Work to complete – This exercise calls for retyping every line below exactly, with the images omitted.

Supplied material –
----------

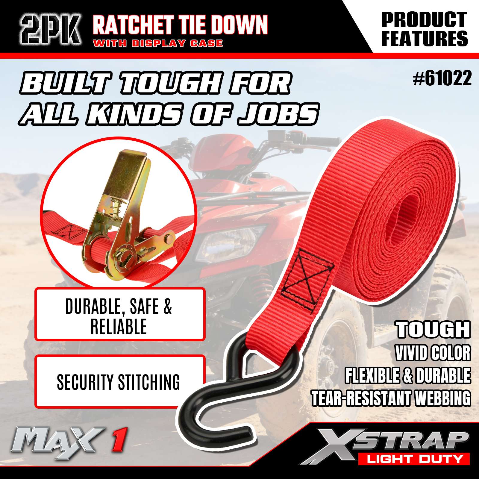 Xstrap 2PK Cırcırlı Bağlama Kayışları 1 inç x 10 ft boyutundadır, güvenli iş yükü 300 lbs ve kopma mukavemeti 900 lbs'dir.
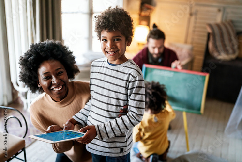 Happy family. Multiethnic parents are playing with children. Education technology people fun concept
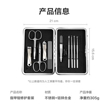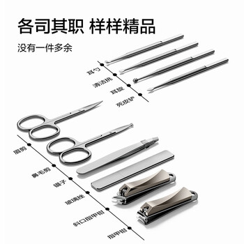 平口指甲钳*1、斜口指甲钳*1、鼻毛剪*1、眉剪*1、镊子*1、死皮铲*1、耳勺*1、耳旋*1、清洁挑*1、纳米玻璃挫*1、眉刀*2、清洁刷*1
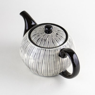 細かく彫られた縦縞模様が目を引く、モダンな印象のポットです。手作業で丁寧に彫られた線が、素朴さと職人の技を感じさせる一品。黒と白のコントラストが美しく、和洋問わず食卓に映えます。420mlの程よい容量で、1〜2人用のティータイムに最適。ステンレス製の茶漉し付きで、使い勝手も抜群です。有田・波佐見地区で作られた、実用性とデザイン性を兼ね備えた陶器のポットです。
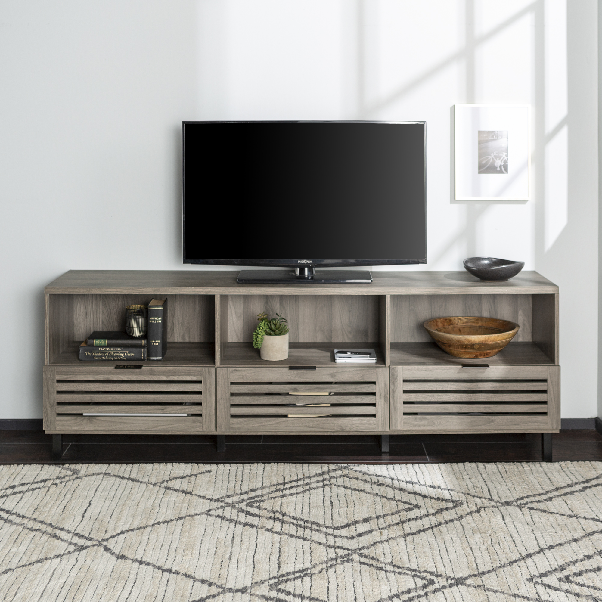 Featuring several alternatives for storing your media, this 70-inch media console will keep your items organized in your home. The long frame fits three separate compartments on top and below, with the top three being open shelves and the bottom three being side cabinets and a middle drawer. Store anything from your electronics and media to your décor and books. Perfect for your living room as an entertainment center, in your home office as a storage console, or in your bedroom as a TV stand as it can hold up to a 78-inch TV. It’s made of laminate and features metal handles on the slatted style door fronts for a mix of transitional, modern, and boho style.
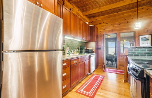 Inside your retreat, soaring ceilings, exposed beams, stone accents, and wood floors create a rustic-chic lodge vibe, while large windows showcase beautiful lake views. Unwind and watch a movie in the living area or break out the provided board games for some good old-fashioned fun. Detailed with a stylish green tile backsplash and a full suite of stainless steel appliances, the well-equipped kitchen makes it easy to prepare meals for your entire group. The adjacent stone cottage offers two additional sleeping areas, a dining area, and a wet bar.
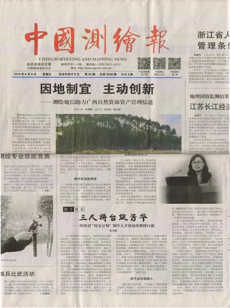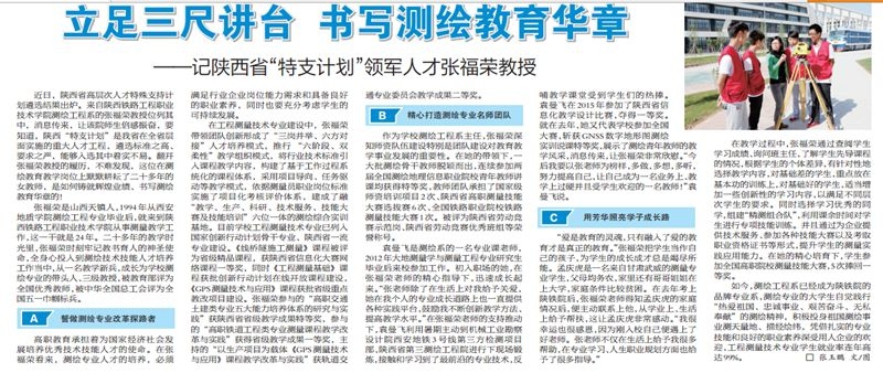 6月8日、14日,《中国测汇报》《陕西工人报》分别以“园丁风采三尺讲台绽芳华”、“立足三尺讲台书写测绘教育华章”为题,相继报道了陕西省“特支计划”领军人才、学院教师张福荣教授。现将全文转载如下:
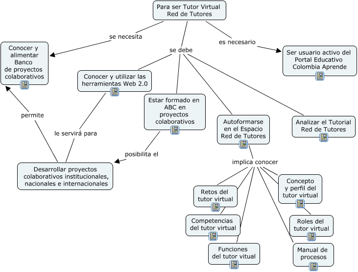 Este Cmap, tiene información relacionada con: Tutorial Red de Tutores, Autoformarse en el Espacio Red de Tutores implica conocer Retos del tutor virtual, Autoformarse en el Espacio Red de Tutores implica conocer Competencias del tutor virtual, Para ser Tutor Virtual Red de Tutores se debe Autoformarse en el Espacio Red de Tutores, Para ser Tutor Virtual Red de Tutores es necesario Ser usuario activo del Portal Educativo Colombia Aprende, Para ser Tutor Virtual Red de Tutores se necesita Conocer y alimentar Banco de proyectos colaborativos, Para ser Tutor Virtual Red de Tutores se debe Analizar el Tutorial Red de Tutores, Autoformarse en el Espacio Red de Tutores implica conocer Funciones del tutor vitual, Para ser Tutor Virtual Red de Tutores se debe Estar formado en ABC en proyectos colaborativos, Autoformarse en el Espacio Red de Tutores implica conocer Manual de procesos, Estar formado en ABC en proyectos colaborativos posibilita el Desarrollar proyectos colaborativos institucionales, nacionales e internacionales, Para ser Tutor Virtual Red de Tutores se debe Conocer y utilizar las herramientas Web 2.0, Desarrollar proyectos colaborativos institucionales, nacionales e internacionales permite Conocer y alimentar Banco de proyectos colaborativos, Conocer y utilizar las herramientas Web 2.0 le servirá para Desarrollar proyectos colaborativos institucionales, nacionales e internacionales, Autoformarse en el Espacio Red de Tutores implica conocer Concepto y perfil del tutor virtual, Autoformarse en el Espacio Red de Tutores implica conocer Roles del tutor virtual
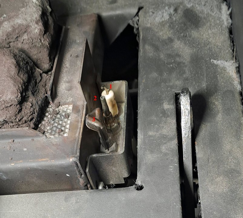 22. Door een onhandigheid van mij is de electrische ontsteking van de gashaard kapot, ontregeld of van positie veranderd. Toch werkt e.e.a. Op het plaatje zie je electroden 1 en 2,en ik neem aan dat 3 de gasnozzle is van de waakvlam die de rest van het haardvuur ontsteekt.. Als ik electrisch ontsteek. ontstaat gedurende de gebruikelijke korte periode een vonkenboog tussen 1 en 2. Verder hoor ik gedurende die korte tijd gas stromen. Wat niet gebeurt is dat er een gasvlam ontstaat, die vervolgens de haard ontsteekt. Als ik tijdens bovenstaande procedure een brandende lucifer erbij houd, ontsteekt de haard op de gebruikelijke wijze. Mijn eerste vermoeden is dat er wat gebeurd is met de positie van deze 3 componenten, en misschien is 3 per ongeluk gedraaid hoewel die stevig vast lijkt te zitten. Iemand een suggestie?

----------

Exercise answer –
 Xstrap 2PK Cırcırlı Bağlama Kayışları 1 inç x 10 ft boyutundadır, güvenli iş yükü 300 lbs ve kopma mukavemeti 900 lbs'dir.
 Happy family. Multiethnic parents are playing with children. Education technology people fun concept
 平口指甲钳*1、斜口指甲钳*1、鼻毛剪*1、眉剪*1、镊子*1、死皮铲*1、耳勺*1、耳旋*1、清洁挑*1、纳米玻璃挫*1、眉刀*2、清洁刷*1
 細かく彫られた縦縞模様が目を引く、モダンな印象のポットです。手作業で丁寧に彫られた線が、素朴さと職人の技を感じさせる一品。黒と白のコントラストが美しく、和洋問わず食卓に映えます。420mlの程よい容量で、1〜2人用のティータイムに最適。ステンレス製の茶漉し付きで、使い勝手も抜群です。有田・波佐見地区で作られた、実用性とデザイン性を兼ね備えた陶器のポットです。
 Featuring several alternatives for storing your media, this 70-inch media console will keep your items organized in your home. The long frame fits three separate compartments on top and below, with the top three being open shelves and the bottom three being side cabinets and a middle drawer. Store anything from your electronics and media to your décor and books. Perfect for your living room as an entertainment center, in your home office as a storage console, or in your bedroom as a TV stand as it can hold up to a 78-inch TV. It’s made of laminate and features metal handles on the slatted style door fronts for a mix of transitional, modern, and boho style.
 Inside your retreat, soaring ceilings, exposed beams, stone accents, and wood floors create a rustic-chic lodge vibe, while large windows showcase beautiful lake views. Unwind and watch a movie in the living area or break out the provided board games for some good old-fashioned fun. Detailed with a stylish green tile backsplash and a full suite of stainless steel appliances, the well-equipped kitchen makes it easy to prepare meals for your entire group. The adjacent stone cottage offers two additional sleeping areas, a dining area, and a wet bar.
 6月8日、14日,《中国测汇报》《陕西工人报》分别以“园丁风采三尺讲台绽芳华”、“立足三尺讲台书写测绘教育华章”为题,相继报道了陕西省“特支计划”领军人才、学院教师张福荣教授。现将全文转载如下:
 Este Cmap, tiene información relacionada con: Tutorial Red de Tutores, Autoformarse en el Espacio Red de Tutores implica conocer Retos del tutor virtual, Autoformarse en el Espacio Red de Tutores implica conocer Competencias del tutor virtual, Para ser Tutor Virtual Red de Tutores se debe Autoformarse en el Espacio Red de Tutores, Para ser Tutor Virtual Red de Tutores es necesario Ser usuario activo del Portal Educativo Colombia Aprende, Para ser Tutor Virtual Red de Tutores se necesita Conocer y alimentar Banco de proyectos colaborativos, Para ser Tutor Virtual Red de Tutores se debe Analizar el Tutorial Red de Tutores, Autoformarse en el Espacio Red de Tutores implica conocer Funciones del tutor vitual, Para ser Tutor Virtual Red de Tutores se debe Estar formado en ABC en proyectos colaborativos, Autoformarse en el Espacio Red de Tutores implica conocer Manual de procesos, Estar formado en ABC en proyectos colaborativos posibilita el Desarrollar proyectos colaborativos institucionales, nacionales e internacionales, Para ser Tutor Virtual Red de Tutores se debe Conocer y utilizar las herramientas Web 2.0, Desarrollar proyectos colaborativos institucionales, nacionales e internacionales permite Conocer y alimentar Banco de proyectos colaborativos, Conocer y utilizar las herramientas Web 2.0 le servirá para Desarrollar proyectos colaborativos institucionales, nacionales e internacionales, Autoformarse en el Espacio Red de Tutores implica conocer Concepto y perfil del tutor virtual, Autoformarse en el Espacio Red de Tutores implica conocer Roles del tutor virtual
 22. Door een onhandigheid van mij is de electrische ontsteking van de gashaard kapot, ontregeld of van positie veranderd. Toch werkt e.e.a. Op het plaatje zie je electroden 1 en 2,en ik neem aan dat 3 de gasnozzle is van de waakvlam die de rest van het haardvuur ontsteekt.. Als ik electrisch ontsteek. ontstaat gedurende de gebruikelijke korte periode een vonkenboog tussen 1 en 2. Verder hoor ik gedurende die korte tijd gas stromen. Wat niet gebeurt is dat er een gasvlam ontstaat, die vervolgens de haard ontsteekt. Als ik tijdens bovenstaande procedure een brandende lucifer erbij houd, ontsteekt de haard op de gebruikelijke wijze. Mijn eerste vermoeden is dat er wat gebeurd is met de positie van deze 3 componenten, en misschien is 3 per ongeluk gedraaid hoewel die stevig vast lijkt te zitten. Iemand een suggestie?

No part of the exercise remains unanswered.